What a lasting interest Samuel Rutherford’s pastoral pen has given to the hoary old castle of Cardoness! Those nine so heart-winning letters that Rutherford wrote from Aberdeen to Cardoness Castle will still keep the memory of that old tower green long after its last stone has crumbled into dust. Readers of Rutherford’s letters will long visit Cardoness Castle, and will musingly recall old John Gordon and Lady Cardoness, his wife, who both worked out each their own salvation in that old fortress, and found it a task far from easy. For nine faithful years Rutherford had been the anxious pastor of Cardoness Castle, and then, after he was banished from his pulpit and his parish, he only ministered to the Castle the more powerfully and prevailingly with his pen. After reading the Cardoness correspondence, we do not wonder to find the stout old chieftain heading the hard-fought battles which the people of Anwoth made both against Edinburgh and St. Andrews, when those cities and colleges attempted to take away their minister.

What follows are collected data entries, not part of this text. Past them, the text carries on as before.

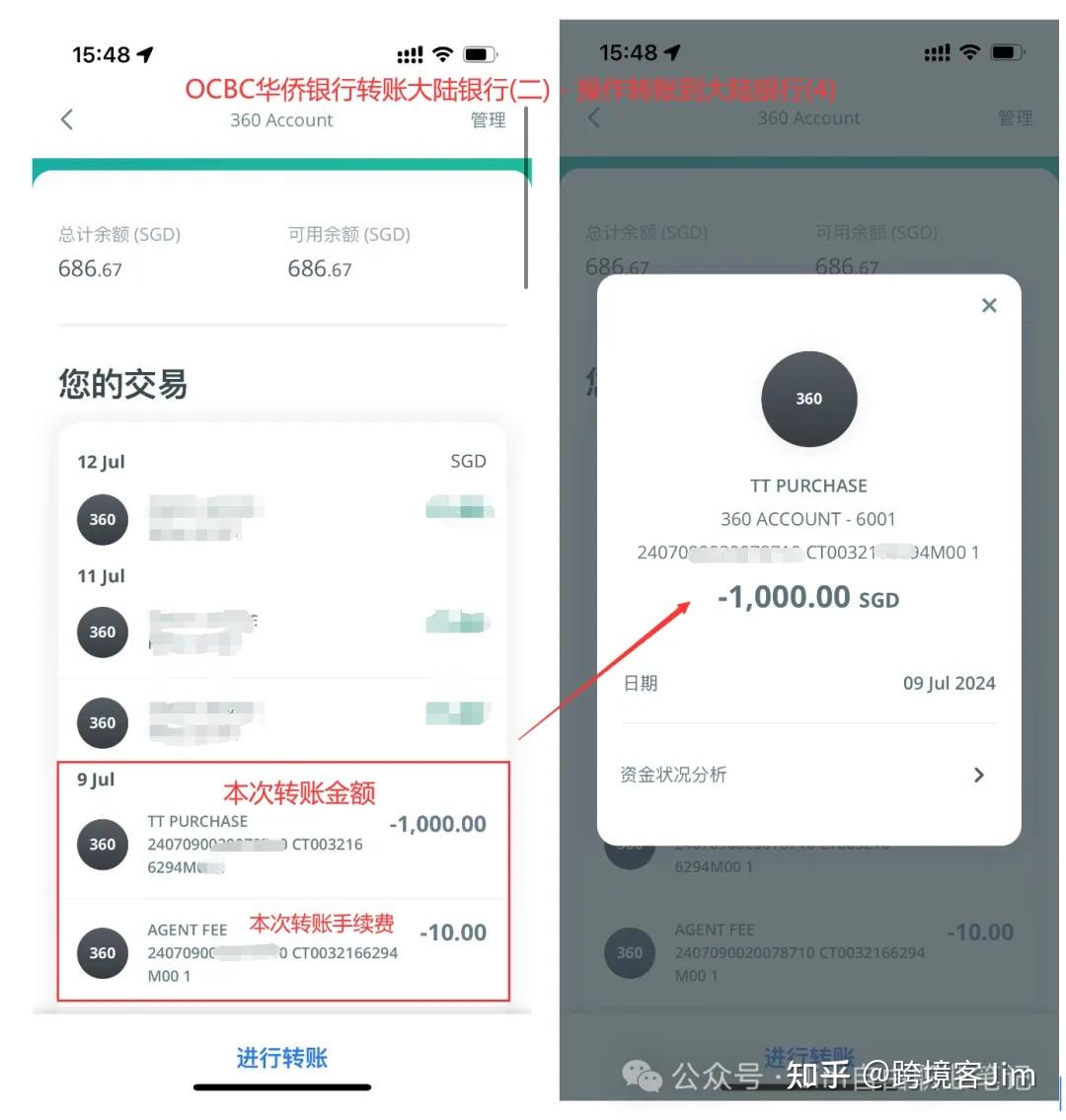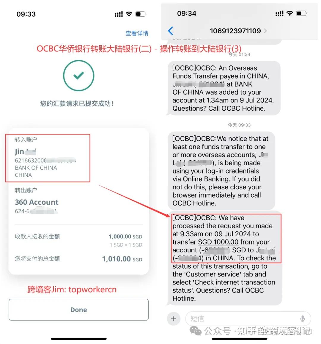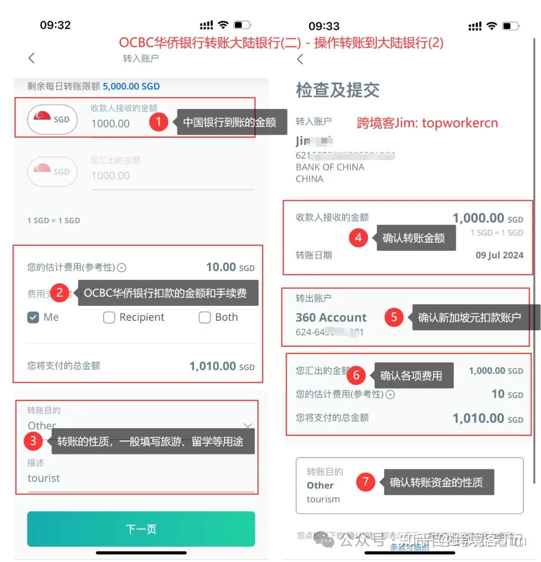也就是说最终中国银行会到账1000新加坡元,而OCBC华侨银行的账户余额会减少1010新加坡元。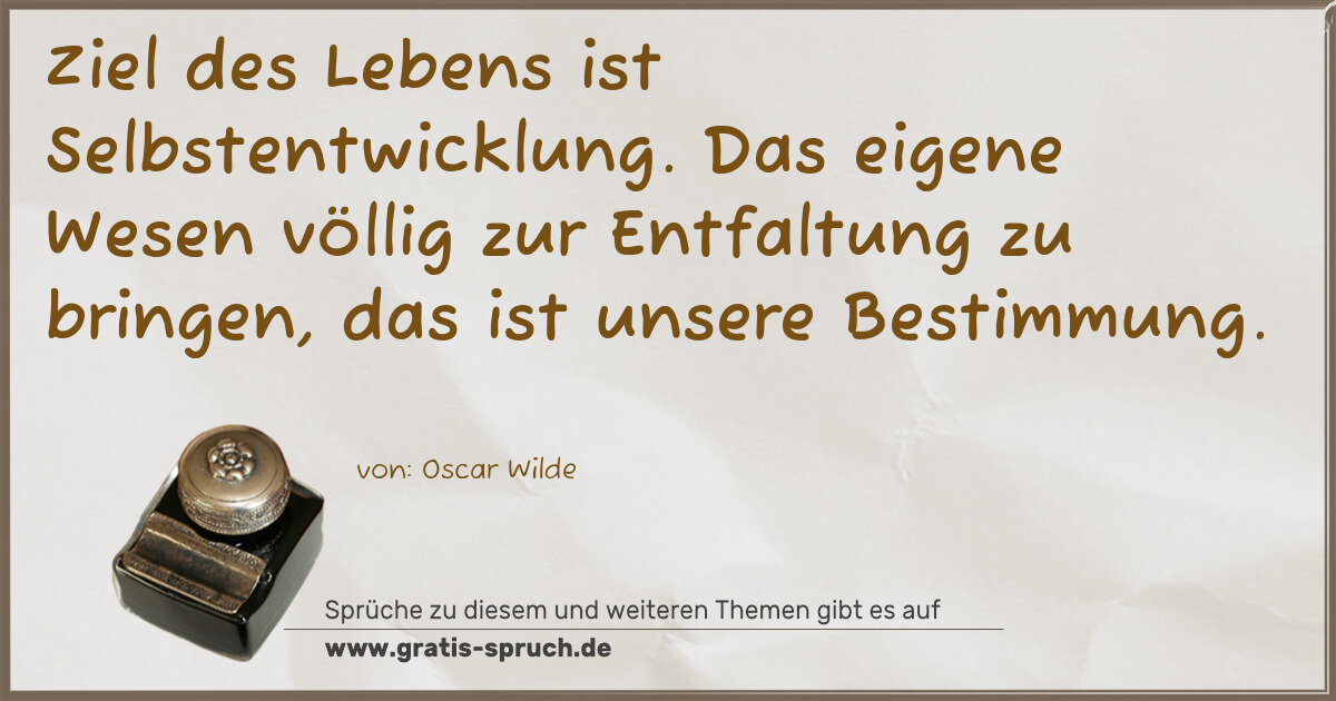 Ziel des Lebens ist Selbstentwicklung. Das eigene Wesen völlig zur Entfaltung zu bringen, das ist unsere Bestimmung.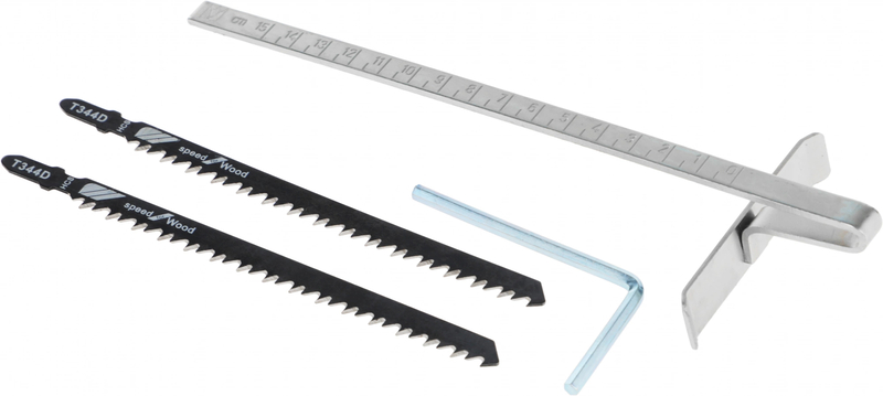 - Ножницы листовые, ключ шестигранный, параллельная направляющая, пилка по дереву, пилка по металлу.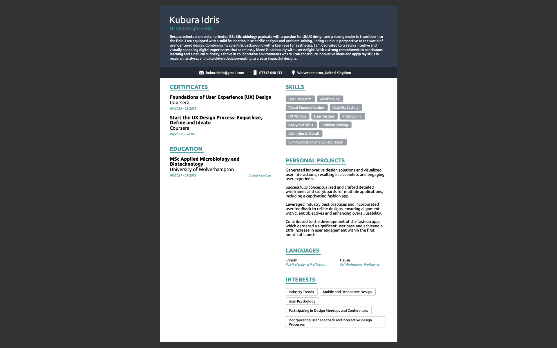 Hi, nice to meet you – I'm Kubura and I am an entry level UX Designer. I aim to gain invaluable experience in this field and improve my skill with every project I take on while helping a wide variety of users.

Rough old Cardoness had a warm place in his heart for Samuel Rutherford. The tough old pagan did not know how much he loved the little fair man with the high-set voice and the unearthly smile till he had lost him; and if force of arms could have kept Rutherford in Anwoth, Cardoness would soon have buckled on his sword. He was ashamed to be seen reading the letters that came to the Castle from Aberdeen; he denied having read them even after he had them all by heart. The wild old laird was nearer the Kingdom of Heaven than any one knew; even his Christian lady did not know all that Rutherford knew, and it was a frank sentence of Rutherford’s in an Aberdeen letter that took lifelong hold of the old laird, and did more for his conversion and all that followed it than all Rutherford’s sermons and all his other letters. ‘I find true religion to be a hard task; I find heaven hard to be won,’ wrote Rutherford to the old man; and that did more for his hard and late salvation than all the sermons he had ever heard. ‘A hard task, a hard task!’ the serving-men and the serving-women often overheard their old master muttering, as he alighted from the hunt and as he came home from his monthly visit to Edinburgh. ‘A hard task!’ he was often heard muttering, but no one to the day of his death ever knew all that his muttering meant.